At trial and again on appeal, Miranda contends that the district court should have admitted the transcribed statements under the \"business records\" exception to the hearsay rule contained in NRS 51.135(1).[1] The business records exception to the hearsay rule generally permits a party to introduce into evidence reports made during the regularly conducted course of business. Therefore, the police report itself, which was made when Fernando gave his statement to police, would have been admissible as substantive evidence to demonstrate such things as the date on which the report was made or the fact that the statement was actually taken. See United States v. Smith, 521 F.2d 957, 964 (D.C. Cir.1975). Nevertheless, the business records exception does not itself permit a party to introduce into evidence the actual contents of an out-of-court statement given to police by a witness to a crime concerning the events of the crime itself. Id.; see Frias v. Valle, 101 Nev. 219, 698 P.2d 875 (1985). Any statement given by a witness to a police officer is itself hearsay and must itself be independently admissible under a separate and distinct exception to the hearsay rule. See United States v. Smith, supra; see also NRS 51.365 (hearsay included within hearsay is not excluded under the hearsay rule if each part of the statement is independently admissible under an exception to the hearsay rule).

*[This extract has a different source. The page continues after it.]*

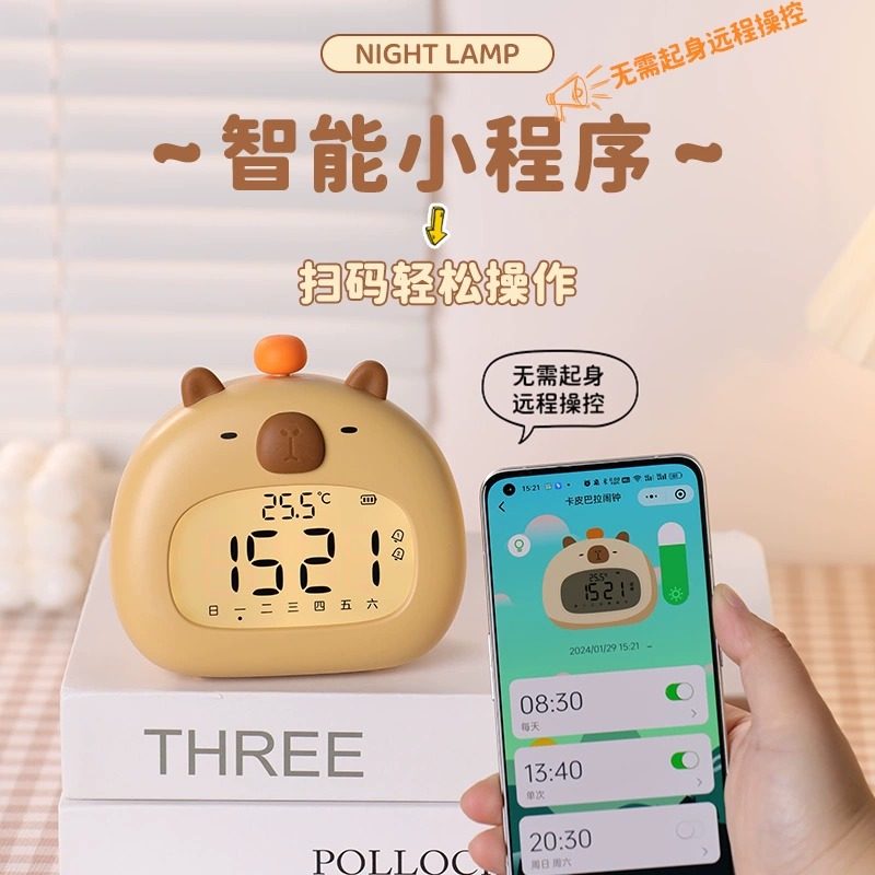 卡皮巴拉智能闹钟2025学生专用儿童男孩起床神器倒计时电子时钟

Miranda alternatively contends that the state nevertheless should not have been permitted to use the existence of the robbery *1126 as an aggravating circumstance, because the robbery had been used as the underlying felony in the guilt phase of his trial to obtain his first degree murder conviction under a felony-murder theory of guilt. As we recently held in Petrocelli v. State, 101 Nev. 46, 692 P.2d 503 (1985), however, under Nevada law, the underlying felony in a felony-murder case does not merge with the murder conviction, and it is therefore permissible for the state to use the underlying felony as an aggravating circumstance in the penalty phase of the defendant's trial.

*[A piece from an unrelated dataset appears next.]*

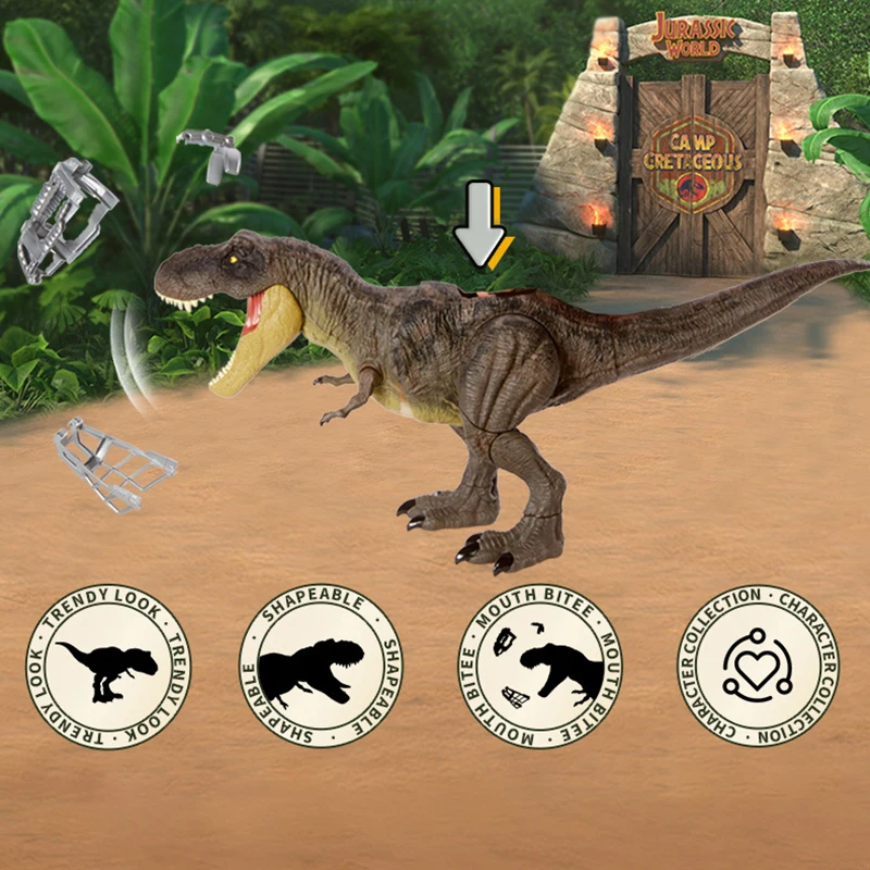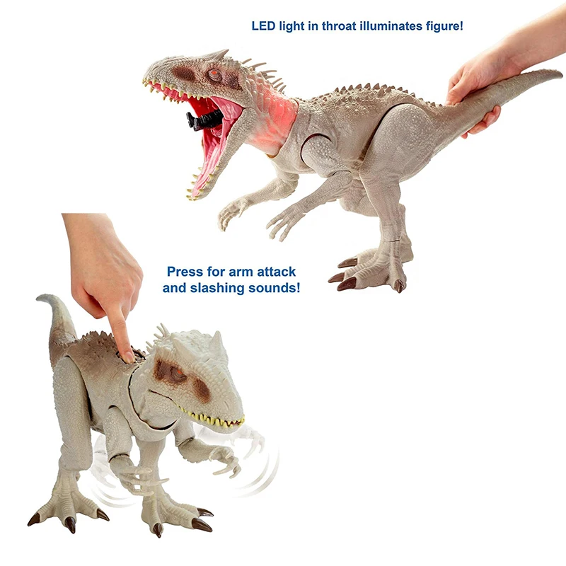 Мир Юрского периода разрушить 'н Devour Indominus Rex Tyrannosaurus динозавр с хомпинг рот разрезая руки огни звуки

Citing United States v. Frady, 456 U.S. 152, 163 n. 14, 102 S. Ct. 1584, 1592 n. 14, 71 L. Ed. 2d 816 (1982), the U.S. Supreme Court in United States v. Young, 470 U.S. ___, 105 S. Ct. 1038, 1047, 84 L. Ed. 2d 1 (1985), declared that \"the plain error exception to the contemporaneous objection rule is to be `used sparingly, solely in those circumstances in which a miscarriage of justice would otherwise result.'\" Moreover, the Young court said that \"[r]eviewing courts are not to use the plain error doctrine to consider trial court errors not meriting appellate review absent timely objection a practice which we have criticized as `extravagant protection.'\" Id., 105 S. Ct. at 1047 (citation and footnote omitted).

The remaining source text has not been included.